A person I admire? Sen-Sen, the lady who works at the store across the street. She didn’t give up on me. She opened me up to church. She would give me gifts on my birthday, I never got gifts for my birthday before. She would help me with money for my meds. Also, the lady who works at CB2, she never fails to help. She invited me to her house on Thanksgiving.

Oh, this is Michael from the jewelry store over there. She hails an older man crossing the street, who greets her back. He’s another one. I was so dirty and nasty and filthy; dirty clothes, dirty hair, dirty nails. He lifted me up. Because of him, I told myself, I’m gonna make him proud! I went into a program. Got back respect for myself. And I keep fightin’!

Not an hour later, she lights up when a man and two women, one dressed in nurses’ scrubs, stop to greet her. See these people here? This woman here, she saved me, God bless her! She helped me when I was still covered in dirt. The three work at a nearby Kaiser facility, they explain. ‘It’s a pleasure to know her,’ the man says and they continue on their way.

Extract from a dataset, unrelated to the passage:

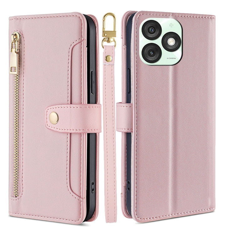 Funda Cuero Tipo Billetera con Cremallera y Diseño Oveja para Itel A50 4G (Rosa)

I’ve been here on this Street for years, I know many people. So many. These are my real friends, they never let me go hungry. Before, I didn’t have that, but now I know where I can go. This is my family, right here! Yeah! She hails a man from across the street, ‘I’m having a big day, baby!’ She calls out. The man smiles, she turns back and says, ‘His wife owns Café Rogue, also good people!’